Exactly as they appear, transcribe the entries and skip any pictures.

Collected data
== == ==

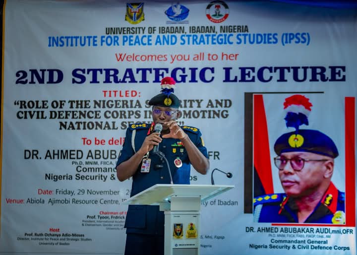This is coming after the Institute for Peace and Strategic Studies, University of Ibadan held the 2nd Strategic Lecture in Ibadan, Oyo State with focus on “Roles of the Nigeria Security and Civil Defence Corps in Promoting National Security”.
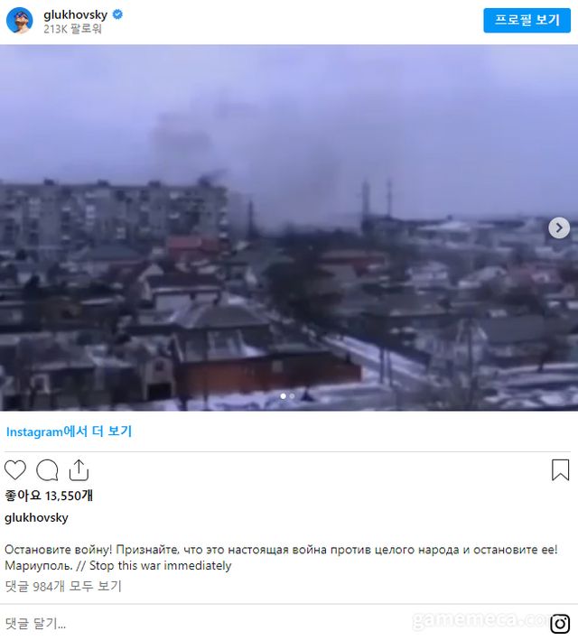 ▲ 러시아 군대의 우크라이나 침공 영상을 올리며 전쟁을 즉각 중단하라는 메시지를 전한 글루코프스키 (자료출처: 글루코프스키 공식 인스타그램)
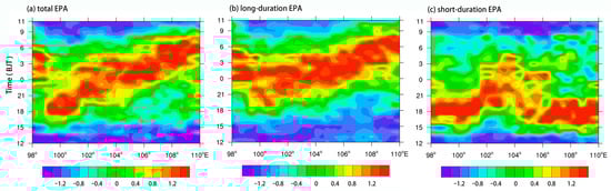 From Figure 6a, the total EPA diurnal peaks over the EETP show an apparent eastward propagation, which begins at 17:00 Beijing time and ends at 09:00 Beijing time the next day. Starting from 16:00 Beijing time, the total EPA reaches its maximum at about 100° E, and then the total EPA spreads eastward until 09:00 Beijing time, spreading to 110° E. The maximum EPA occurs at night over the regions west of 104° E, which may be caused by the instability caused by the radiative cooling at the top of the cloud. The eastward propagation at night may be affected by the clockwise rotation of the southwest wind at the lower level [,]. The long duration of EPA over the EETP is consistent with the total EPA, and there is also a characteristic that the peak propagates eastward from 17:00 Beijing time to 09:00 Beijing time (Figure 6b). In contrast, the peak of short-duration EPA in the area east of 104° E shows a predominant diurnal peak in the afternoon and dusk, about 15:00–20:00 Beijing time. However, the short-duration EPA also has the characteristics of peak eastward propagation in the area west of 104° E, from 14:00 Beijing time to 03:00 Beijing time (Figure 6c). The activity of mesoscale convection systems (MCSs) with a short lifespan on the eastern slopes of the plateau is probably the main cause of this situation. Under the influence of the latitudinal circulation, the MCSs generated in the late afternoon on the eastern slopes of the plateau moved eastward to the western Sichuan Basin during the night, while the descending airflow in the area east of 104° E prevented it from continuing to develop eastward []. It was indicated that the characteristics of the peak of EPA over the EETP propagating eastward at night are mainly determined by long-duration EPEs.
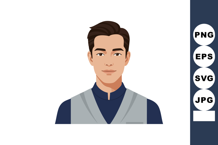 Young man portrait with short brown hair and blue vest vecto example image 1
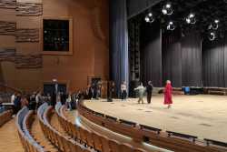 В ходе экскурсионного маршрута по филармонии ребята побывали в концертных залах, заглянули за кулисы, послушали информацию о современном звуковом и световом оборудовании, узнали интересные факты об архитектурных и стилистических особенностях здания.
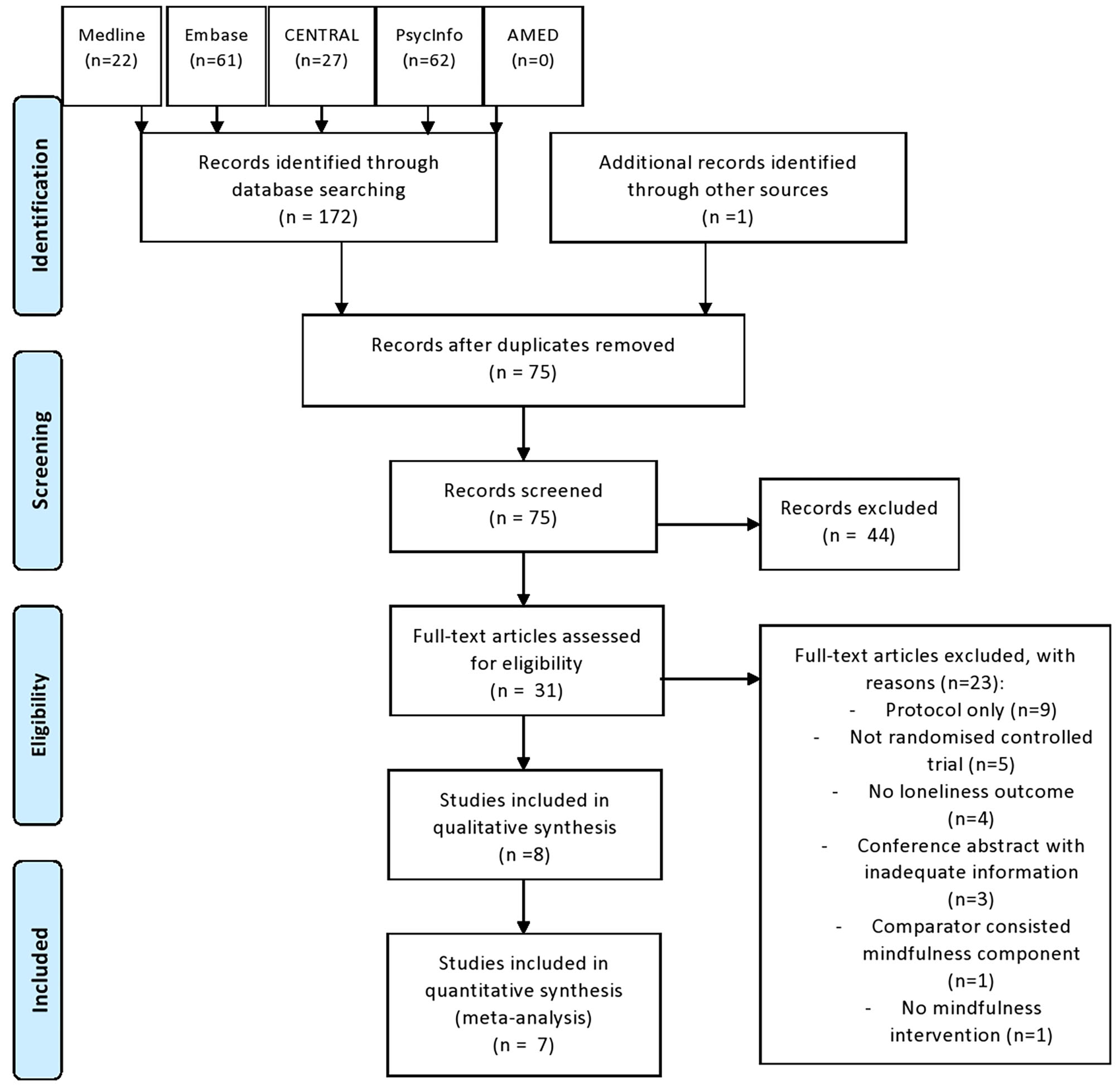 The search yielded 189 articles: 188 identified from electronic databases and one obtained by bibliography search. A total of 97 duplicates were removed. Of the remaining 92 studies screened, only 31 were relevant and were retrieved for full-text review. The full-text review revealed only eight studies that met the inclusion criteria. The 23 excluded studies were protocol (n = 9), not randomized controlled trial (n = 5), no loneliness outcome (n = 4), conference abstract with inadequate information (n = 3), comparator-consisted mindfulness component (n = 1), and no mindfulness intervention (n = 1). This review included eight trials involving 815 participants. Figure 1 shows the flow diagram of this study selection.

== == ==

- SOLUTION TO THIS PROBLEM:
This is coming after the Institute for Peace and Strategic Studies, University of Ibadan held the 2nd Strategic Lecture in Ibadan, Oyo State with focus on “Roles of the Nigeria Security and Civil Defence Corps in Promoting National Security”.
 ▲ 러시아 군대의 우크라이나 침공 영상을 올리며 전쟁을 즉각 중단하라는 메시지를 전한 글루코프스키 (자료출처: 글루코프스키 공식 인스타그램)
 From Figure 6a, the total EPA diurnal peaks over the EETP show an apparent eastward propagation, which begins at 17:00 Beijing time and ends at 09:00 Beijing time the next day. Starting from 16:00 Beijing time, the total EPA reaches its maximum at about 100° E, and then the total EPA spreads eastward until 09:00 Beijing time, spreading to 110° E. The maximum EPA occurs at night over the regions west of 104° E, which may be caused by the instability caused by the radiative cooling at the top of the cloud. The eastward propagation at night may be affected by the clockwise rotation of the southwest wind at the lower level [,]. The long duration of EPA over the EETP is consistent with the total EPA, and there is also a characteristic that the peak propagates eastward from 17:00 Beijing time to 09:00 Beijing time (Figure 6b). In contrast, the peak of short-duration EPA in the area east of 104° E shows a predominant diurnal peak in the afternoon and dusk, about 15:00–20:00 Beijing time. However, the short-duration EPA also has the characteristics of peak eastward propagation in the area west of 104° E, from 14:00 Beijing time to 03:00 Beijing time (Figure 6c). The activity of mesoscale convection systems (MCSs) with a short lifespan on the eastern slopes of the plateau is probably the main cause of this situation. Under the influence of the latitudinal circulation, the MCSs generated in the late afternoon on the eastern slopes of the plateau moved eastward to the western Sichuan Basin during the night, while the descending airflow in the area east of 104° E prevented it from continuing to develop eastward []. It was indicated that the characteristics of the peak of EPA over the EETP propagating eastward at night are mainly determined by long-duration EPEs.
 Young man portrait with short brown hair and blue vest vecto example image 1
 В ходе экскурсионного маршрута по филармонии ребята побывали в концертных залах, заглянули за кулисы, послушали информацию о современном звуковом и световом оборудовании, узнали интересные факты об архитектурных и стилистических особенностях здания.
 The search yielded 189 articles: 188 identified from electronic databases and one obtained by bibliography search. A total of 97 duplicates were removed. Of the remaining 92 studies screened, only 31 were relevant and were retrieved for full-text review. The full-text review revealed only eight studies that met the inclusion criteria. The 23 excluded studies were protocol (n = 9), not randomized controlled trial (n = 5), no loneliness outcome (n = 4), conference abstract with inadequate information (n = 3), comparator-consisted mindfulness component (n = 1), and no mindfulness intervention (n = 1). This review included eight trials involving 815 participants. Figure 1 shows the flow diagram of this study selection.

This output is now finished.